## [TASK BRIEF]
Go to the line below that has "A poker chip", print it and each line after it exactly, and stop after the line that has "-. Title : Cartoon"; leave out pictures.

## [DATA UNDER STUDY]
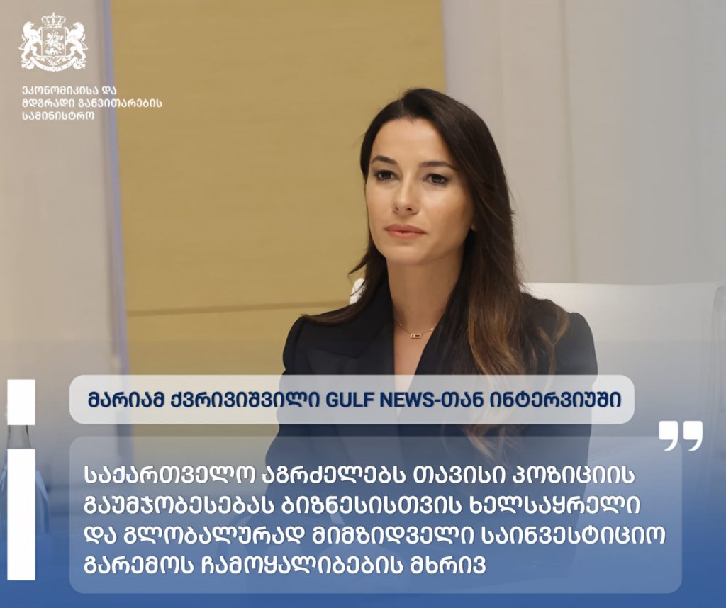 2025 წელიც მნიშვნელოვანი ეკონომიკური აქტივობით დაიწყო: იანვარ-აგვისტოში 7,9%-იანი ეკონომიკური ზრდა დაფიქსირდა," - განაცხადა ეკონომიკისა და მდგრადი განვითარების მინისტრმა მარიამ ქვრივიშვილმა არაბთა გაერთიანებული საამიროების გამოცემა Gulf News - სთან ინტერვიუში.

==

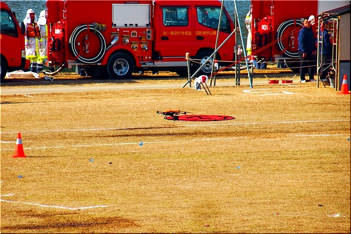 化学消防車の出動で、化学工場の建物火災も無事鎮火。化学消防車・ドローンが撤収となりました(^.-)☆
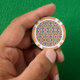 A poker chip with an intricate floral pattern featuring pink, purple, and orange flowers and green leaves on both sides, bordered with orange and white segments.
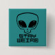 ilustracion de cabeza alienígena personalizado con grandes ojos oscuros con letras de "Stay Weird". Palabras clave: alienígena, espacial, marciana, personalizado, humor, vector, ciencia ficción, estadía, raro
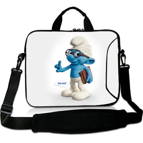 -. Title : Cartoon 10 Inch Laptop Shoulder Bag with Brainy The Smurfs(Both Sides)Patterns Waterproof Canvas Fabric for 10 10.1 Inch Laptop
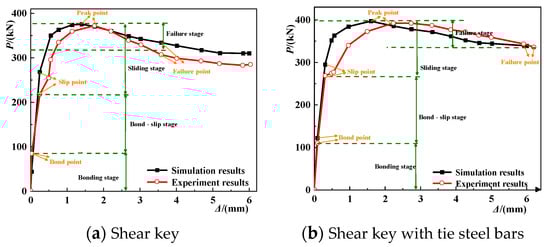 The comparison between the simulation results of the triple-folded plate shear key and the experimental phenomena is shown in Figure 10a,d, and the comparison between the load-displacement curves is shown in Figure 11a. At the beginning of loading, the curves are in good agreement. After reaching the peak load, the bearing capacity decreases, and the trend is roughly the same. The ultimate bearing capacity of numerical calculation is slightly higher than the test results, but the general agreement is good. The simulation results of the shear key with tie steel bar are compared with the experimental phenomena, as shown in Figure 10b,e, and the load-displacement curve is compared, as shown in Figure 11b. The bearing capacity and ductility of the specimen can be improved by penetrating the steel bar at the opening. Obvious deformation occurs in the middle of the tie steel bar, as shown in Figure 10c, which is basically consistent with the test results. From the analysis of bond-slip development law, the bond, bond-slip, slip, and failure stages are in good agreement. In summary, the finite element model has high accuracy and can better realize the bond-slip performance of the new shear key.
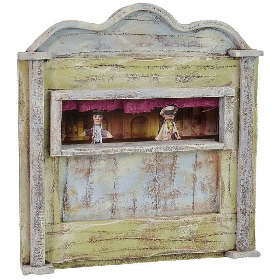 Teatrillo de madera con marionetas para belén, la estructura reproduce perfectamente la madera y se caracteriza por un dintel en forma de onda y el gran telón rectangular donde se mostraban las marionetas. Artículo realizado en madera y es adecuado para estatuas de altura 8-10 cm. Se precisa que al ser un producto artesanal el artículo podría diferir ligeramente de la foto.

## [REPLY TO THE TASK]
 A poker chip with an intricate floral pattern featuring pink, purple, and orange flowers and green leaves on both sides, bordered with orange and white segments.
 ilustracion de cabeza alienígena personalizado con grandes ojos oscuros con letras de "Stay Weird". Palabras clave: alienígena, espacial, marciana, personalizado, humor, vector, ciencia ficción, estadía, raro
 -. Title : Cartoon 10 Inch Laptop Shoulder Bag with Brainy The Smurfs(Both Sides)Patterns Waterproof Canvas Fabric for 10 10.1 Inch Laptop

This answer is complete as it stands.